A razão deste procedimento deriva do facto que a acção
humana tem sempre um aspecto físico, facilmente relevável, mas tem também
outros aspectos tais como: psíquico, valoráveis, filosófico, religioso, vividos
culturalmente por um povo.
Para facilitar o estudo os antropólogos classificam os
ECs. Em:
1.
MATERIAIS,
tomando em consideração as relações do homem com a natureza física e os
objectos concretos produzidos, (instrumentos de trabalho, economia,
agricultura, artesanato, indústria…).
2.
SOCIAIS,
tendo presente as relações interpessoais entre indivíduos, grupos da mesma
cultura e fora dela. ECs sociais: os sistemas, familiares, politico, o direito,
o sistema de resolver as controvérsias, …
3.
ESPIRITUAIS,
nos quais estão presentes as relações do homens com o mundo sobrenatural: culto
crenças, simbologia mítica.
Em relação aos ec. Precisa ter presente:
1.Nenhum
EC. É totalmente de uma só categoria. Habitualmente estão interligados. Por
exemplo uma cerimónia litúrgica é:
2.Espiritual,
porque é culto religioso.
3.Materiais,
porque utilizam material: farinha, hóstias, velas…, obra do homem sobre a
matéria.
4.Os
Ec. Formam entre eles um conjunto de tipo orgânico como acontece num ser vivo,
formado por aparelhos, órgãos, tecidos células. Por isso iremos ver que a
eliminação ou a introdução de um elemento comporto mudanças nas três ordens: materiais,
espirituais e sociais.
5.O número dos ECs não é igual nem por qualidade, nem por
quantidade nas diferentes culturas. Mais complexa é uma cultura, mais elementos
culturais possuem. Isso porém, não implica, globalmente inferioridade, mas
diversidade cultural.
Até há poucos anos costumava-se classificar as culturas
baseadas na escola económica, pondo no degrau ínfimo a cultura dos recolhe
dores e o último a das indústrias, passando pelos caçadores e agricultores.

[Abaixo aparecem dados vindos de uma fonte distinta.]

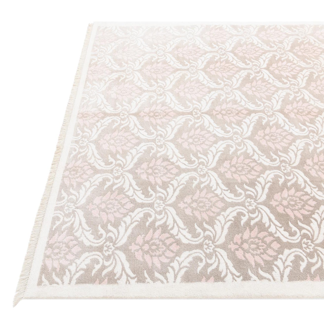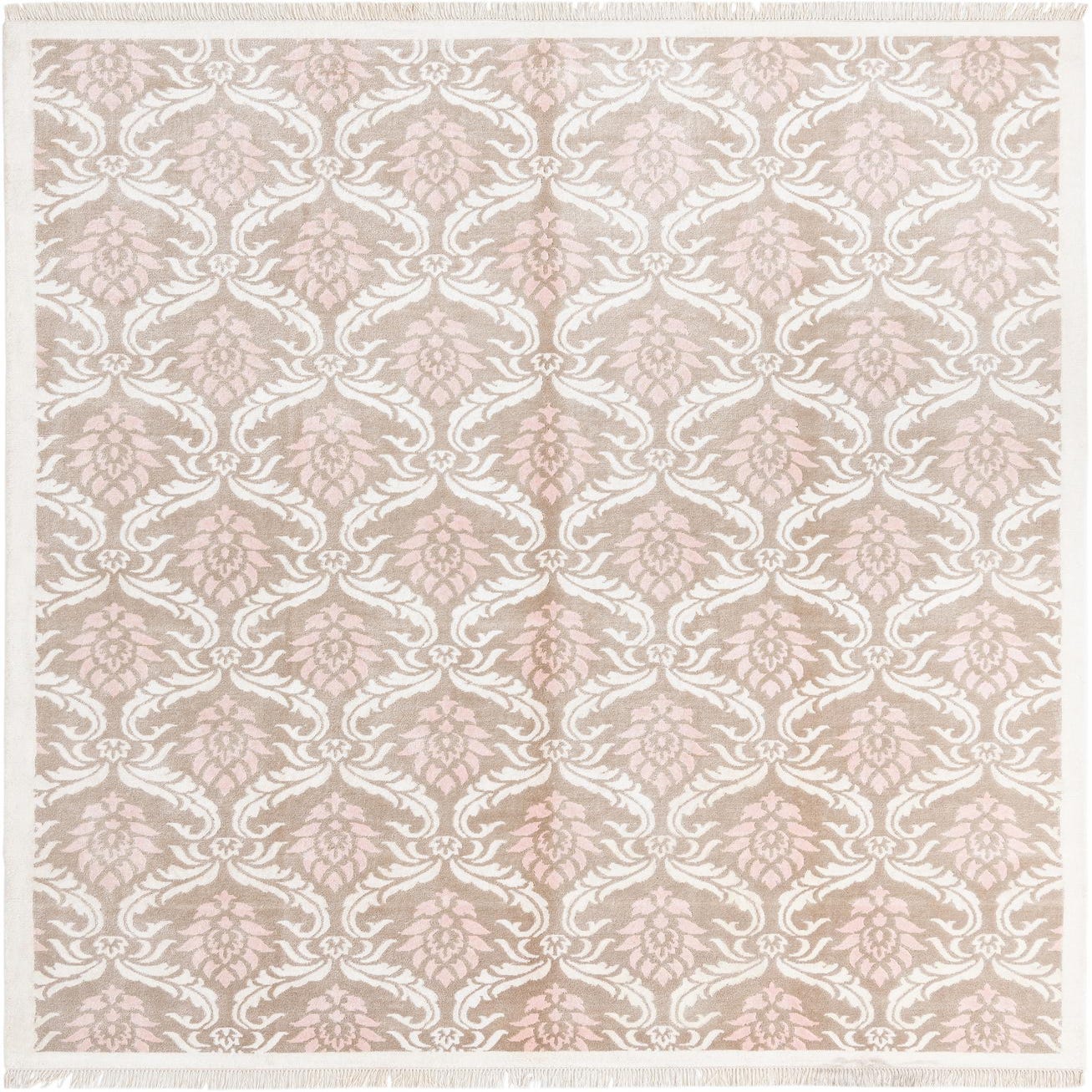 A 7x10 rectangular Darya rug with a modern damask pattern in brown, ivory, and light pink.

Para a AC esta avaliação é errada, porque baseia-se sobre um EC, o sistema
económico, confrontando-o com os outros sistemas. O juízo não é de tipo AC, mas
pertence a outra ciência a economia, que tem uma metodologia de análise
diferente. Naturalmente não estamos dizendo que não se pode, ou não se deve
estudar e analisar os ECs Acontece na cultura o que acontece em biologia. Mesmo
sabendo que a vida é uma forma complexa de organização da matéria, nem por isso
deixamos de estudar as suas partes e é através desta análise que se chega a uma
melhor compreensão dos organismos.
PROCESSOS CULTURAIS
A
tradição: o primeiro
processo cultural é a tradição. Sobre ela está fundamentada a cultura. Sem tradição
podemos ter uma moda, mas nem sequer um EC. Em sentido etnológico a tradição é
o processo através do qual se transmite no decorrer do tempo, de uma geração
outra o património cultural de uma dada sociedade no seu complexo.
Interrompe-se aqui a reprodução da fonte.